Stanford has published a revealing Q&A with Sergey Brin, where the Google co-founder reflects on how the company that invented key AI breakthroughs still lost momentum to OpenAI.
🔸 Brin argues that OpenAI’s success wasn’t purely technical. The real edge was belief, belief in scaling models aggressively and in making chatbots a core product, not just a research demo.
🔸 Google, he says, didn’t fully commit to transformers after publishing the landmark 2017 paper “Attention Is All You Need.” The architecture existed, but the company wasn’t willing to invest billions early enough to see where scaling could lead.
🔸 The same hesitation applied to chatbots. Google avoided releasing them widely because they “sometimes talked nonsense,” prioritizing product safety and brand risk over speed and experimentation.
🔸 OpenAI took the opposite approach: ship early, iterate in public, and accept imperfections, a strategy that ultimately captured users, mindshare, and capital.

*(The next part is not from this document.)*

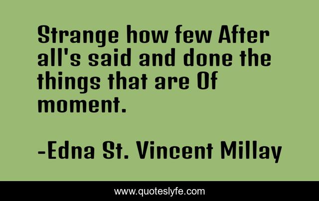 This page presents the quote "Strange how few After all's said and done the things that are Of moment.". Author of this quote is Edna St. Vincent Millay. .

🔸 Brin’s most striking thought experiment: what if Google had kept transformers closed and poured a few billion dollars into scaling them back in 2017?
The lesson is uncomfortable but clear: having the breakthrough matters less than having the conviction to bet on it early — and publicly.

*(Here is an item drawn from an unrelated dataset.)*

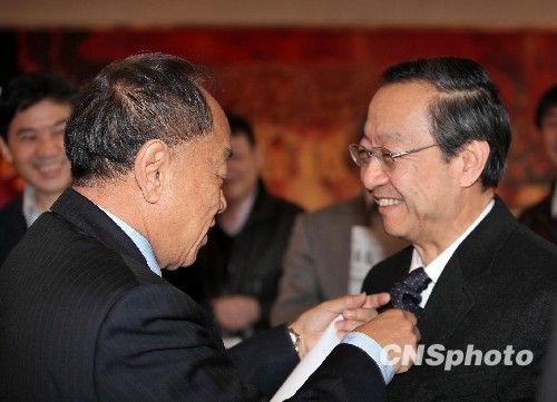 3月12日下午,十一届全国人大三次会议新闻中心在梅地亚中心多功能厅举行主题为“工业结构升级和中小企业发展”的集体采访,工业和信息化部部长李毅中出席并回答记者问题。采访前工信部长李毅中谈笑风生,大会发言人李肇星帮忙整理仪容。中新社发 王保胜 摄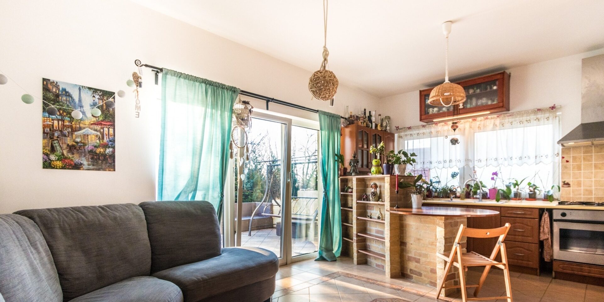 A lakás földszintjén tágas amerikai konyhás nappali + 1db 7,5 nm-es vendég/dolgozó szoba, ezen felül egy kádas fürdőszoba Wc-vel. Nappaliból nyiló teraszon egy beépített medence található.

📱An iPhone case with a screen on the back and extra storage
Accessory maker Dockcase has unveiled Selfix, a case for the iPhone 17 Pro that tackles two common pain points at once: better selfies and more storage.
🔸 On the back of the case is a 1.6-inch AMOLED display (480×480), fully touch-enabled, that works as a rear viewfinder. Flip the phone around, frame yourself on the screen, and shoot selfies using the main camera system instead of the front camera.
🔸 The result is significantly higher-quality selfies, leveraging Apple’s primary sensors rather than the lower-end front-facing camera.
🔸 Selfix draws power directly from the iPhone, meaning slightly higher battery drain, but no extra charging, pairing, or setup is required, snap it on and it works. The case also doubles as a pop socket for grip.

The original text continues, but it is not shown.